Yeah man I hear ya... I was tryin to take it easy cuz of the light line but I will remember this lesson in Tuna Tactics next time I am strapped in.

This is about the hour and a half mark (I'm cookin)


----------



## Live4Fish (May 12, 2009)

Nice fish good job


----------



## LATERALINE (Oct 2, 2007)

Nice Fish!


----------



## Joey_d133 (Feb 16, 2009)

Just got news from a buddy that works for the DMR, and is also a member of this forum, that a triggerfish we caught on Saturday is the new Mississippi state record. It is an ocean triggerfish and it was caught aboard the Team Killer Bee Contender by Lee Westmoreland (1st time past Horn Island). Still waiting on official weight.


----------



## Captain Woody Woods (Oct 2, 2007)

> *Joey_d133 (5/21/2009)*Just got news from a buddy that works for the DMR,


you mean dNr? (department of natural resources?)


----------



## bluffman2 (Nov 22, 2007)

no Woody ..over here it is DMR Dept of Marine Resources

http://www.dmr.state.ms.us/


----------



## DonkeyWrangler18 (Aug 26, 2008)

It is an Ocean Triggerfish. Official weight is 3lbs 2.8oz.

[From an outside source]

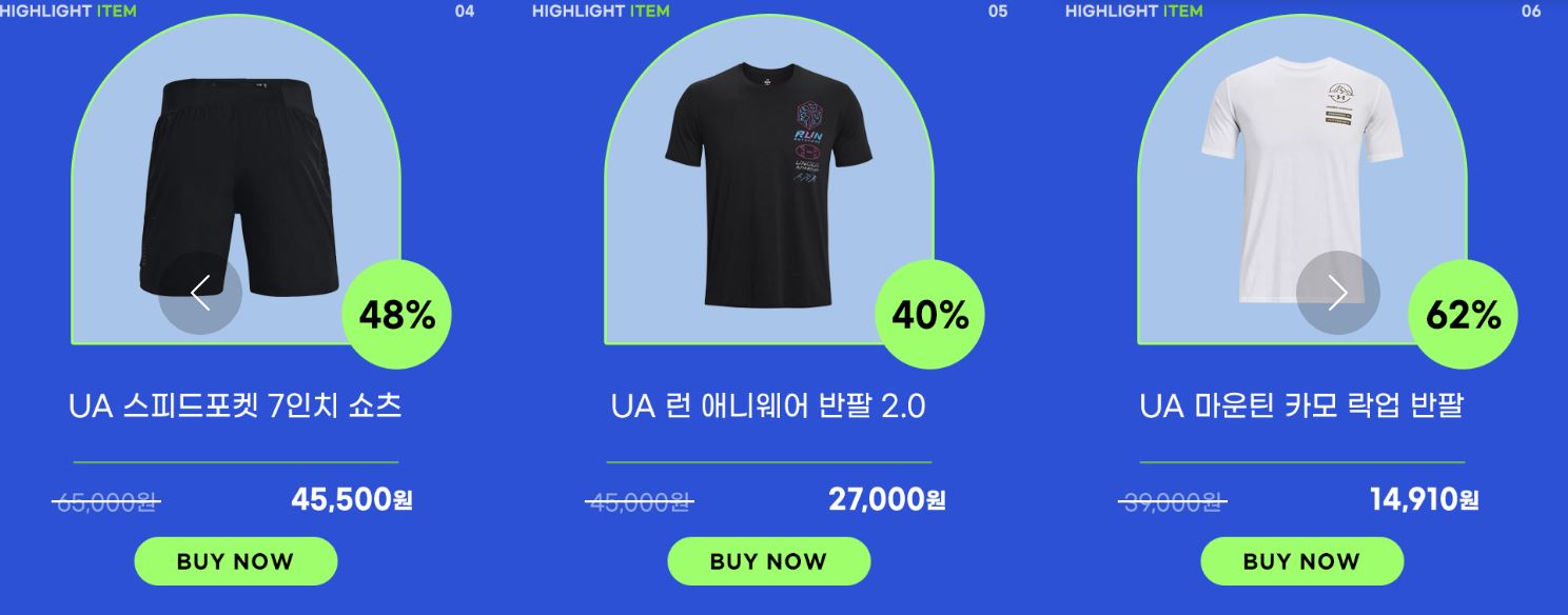 언더아머 다양한 제품을 할인 판매하네요.

Beating the previous record of 1lbs 6oz.


----------



## Captain Woody Woods (Oct 2, 2007)

> *bluffman2 (5/21/2009)*no Woody ..over here it is DMR Dept of Marine Resources
> 
> http://www.dmr.state.ms.us/


gotcha. thanks


----------



## Joey_d133 (Feb 16, 2009)

Yeah I think they come up with a different name for that group of people in every state to keep you guessing.


----------



## John B. (Oct 2, 2007)

nice!, not bad for some OS boys oke


----------



## -- Saints Domination -- (Jun 24, 2008)

Sweet tuna


----------



## Joey_d133 (Feb 16, 2009)

> *John B. (5/25/2009)*nice!, not bad for some OS boys oke


Yeah yeah yeah... Theres more of that to come Haha


----------